Task directions - From the records that follow, return exactly the lines beginning at the one that contains "The chef’s kitchen" and ending at the one that contains "人民广场馆和东馆之间的定制公交班线。劳动报记者颜筱依 摄", pictures left out.

The records -
- Opening Delimiter -

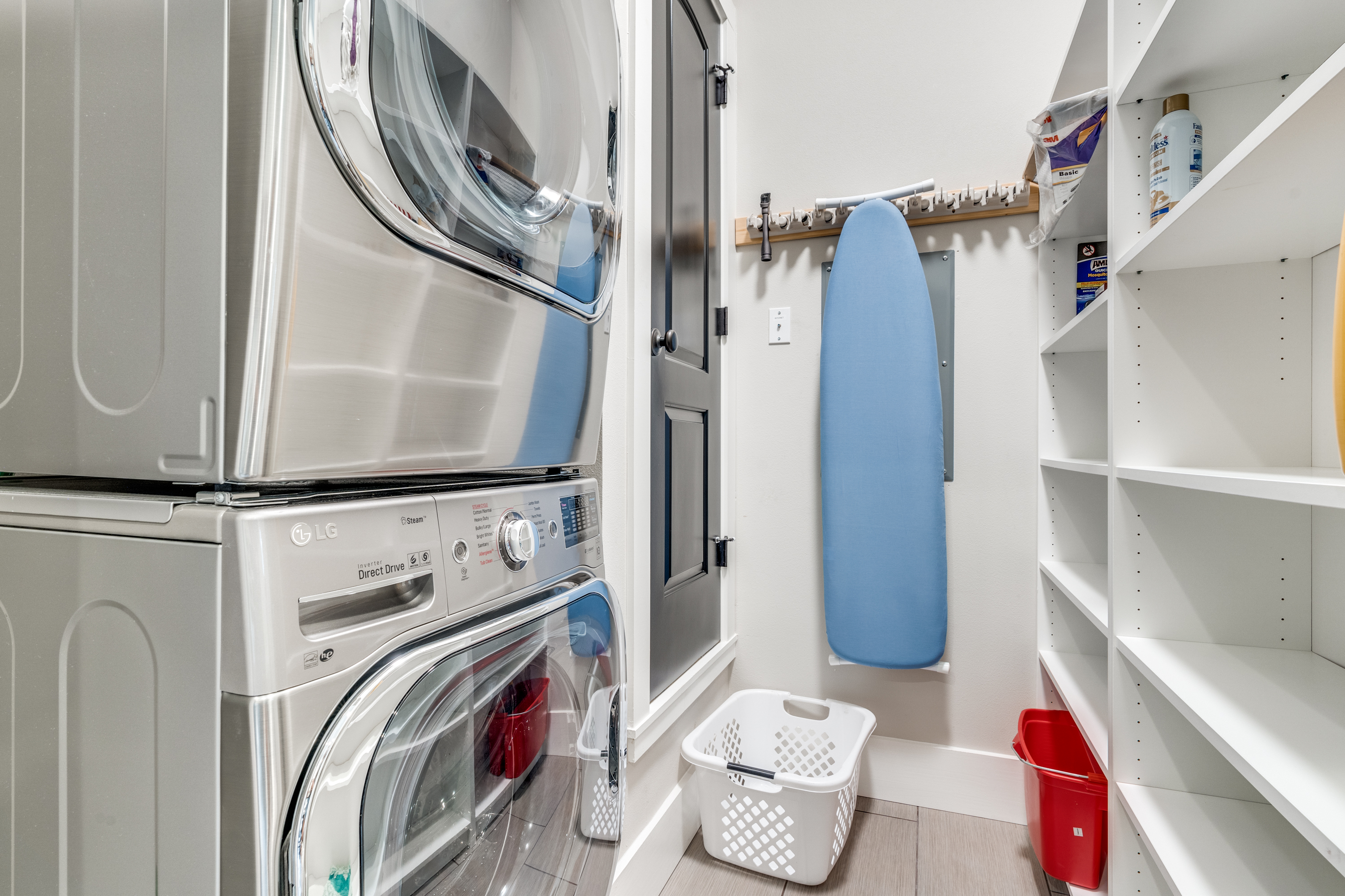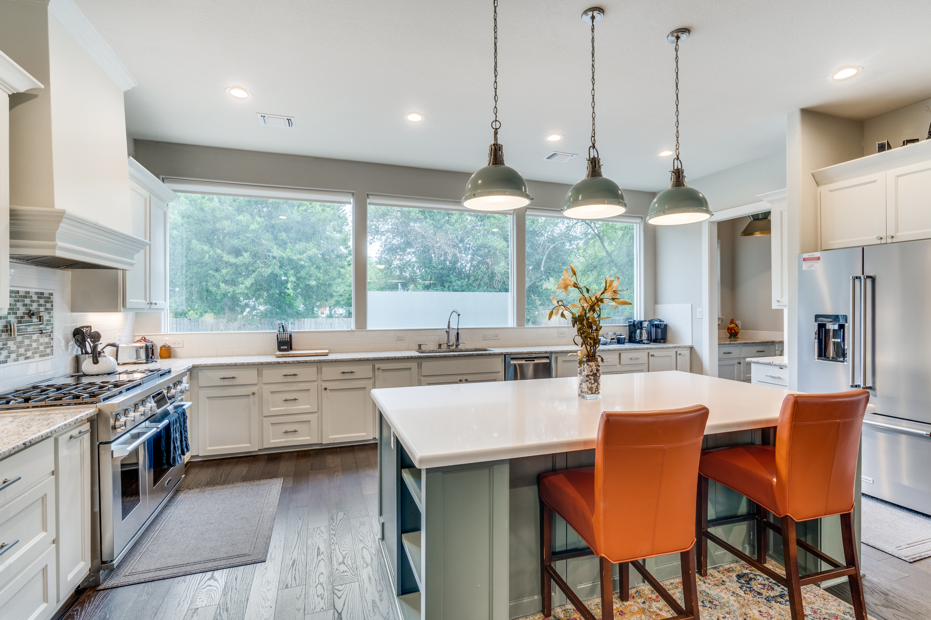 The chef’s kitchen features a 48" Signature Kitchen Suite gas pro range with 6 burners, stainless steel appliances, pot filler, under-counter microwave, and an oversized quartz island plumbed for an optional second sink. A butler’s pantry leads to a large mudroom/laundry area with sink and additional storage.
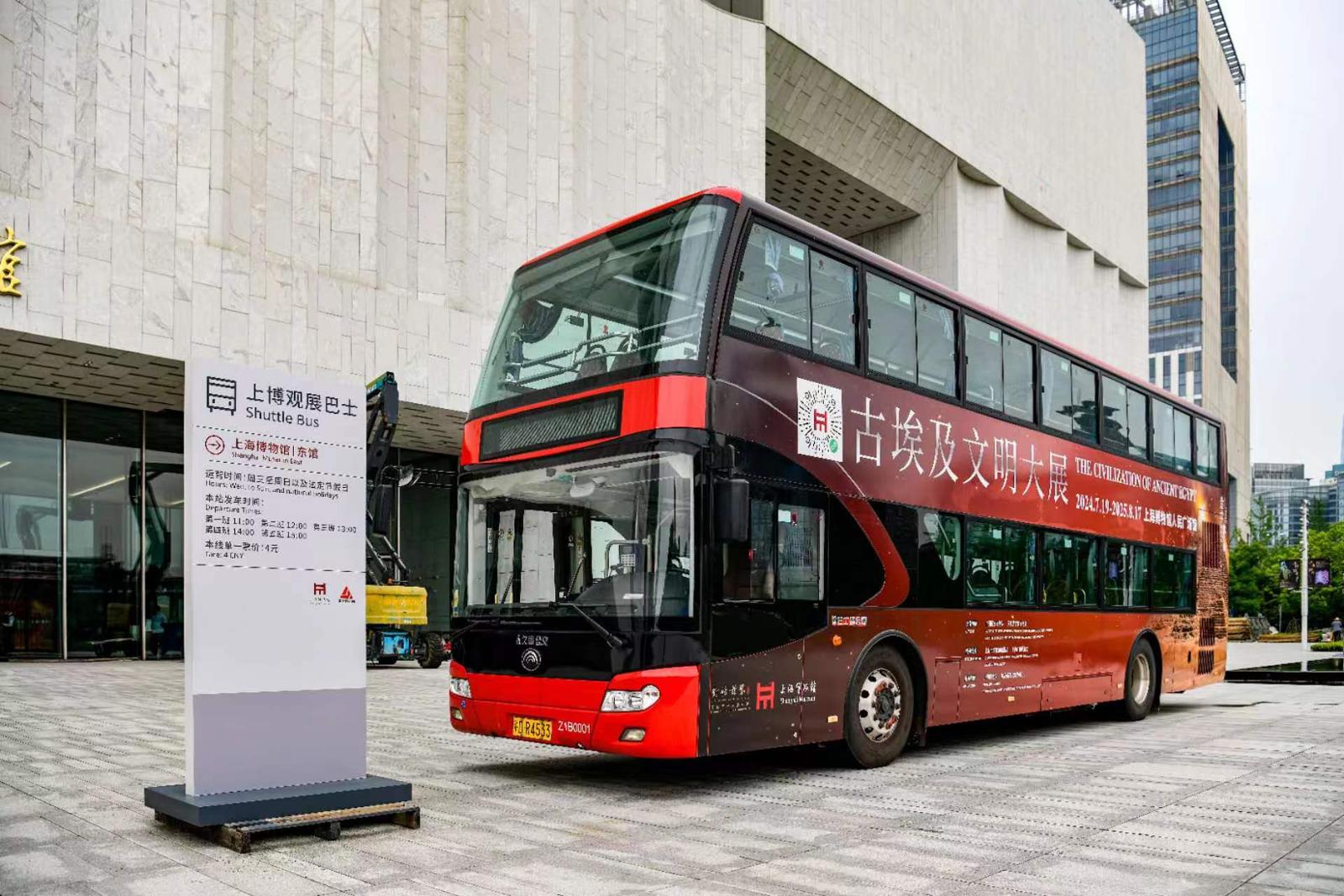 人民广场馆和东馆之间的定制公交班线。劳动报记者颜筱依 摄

- Closing Delimiter -
- Opening Delimiter -

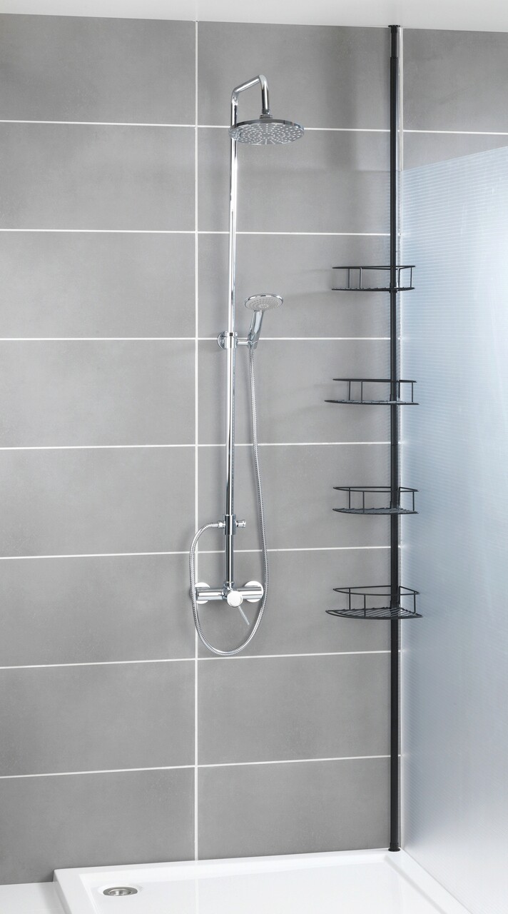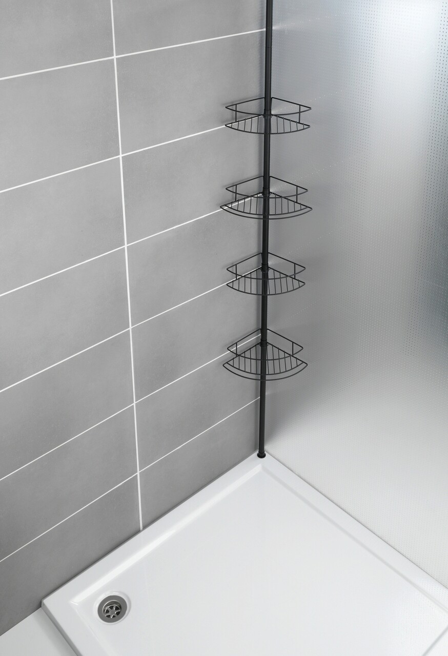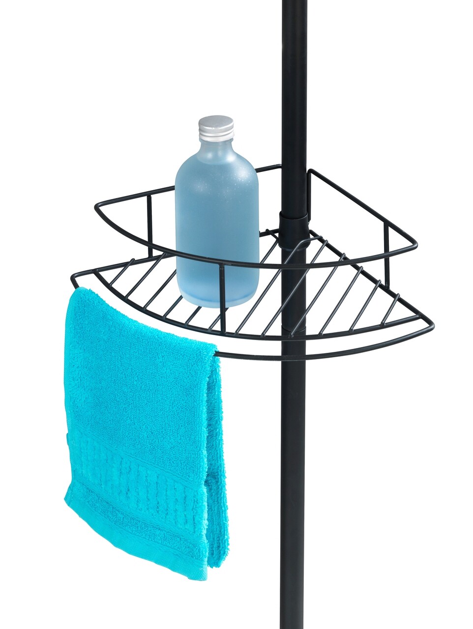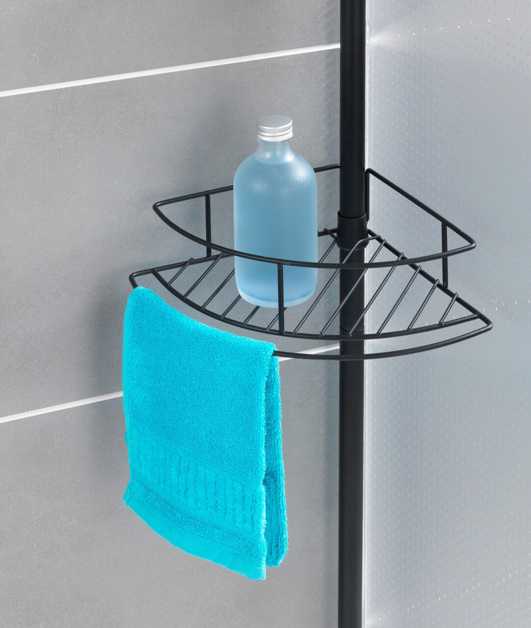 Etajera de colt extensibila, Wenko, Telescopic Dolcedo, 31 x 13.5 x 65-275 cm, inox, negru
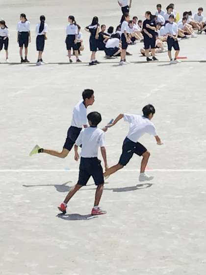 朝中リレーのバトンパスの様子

- Closing Delimiter -

Output for this task -
 The chef’s kitchen features a 48" Signature Kitchen Suite gas pro range with 6 burners, stainless steel appliances, pot filler, under-counter microwave, and an oversized quartz island plumbed for an optional second sink. A butler’s pantry leads to a large mudroom/laundry area with sink and additional storage.
 人民广场馆和东馆之间的定制公交班线。劳动报记者颜筱依 摄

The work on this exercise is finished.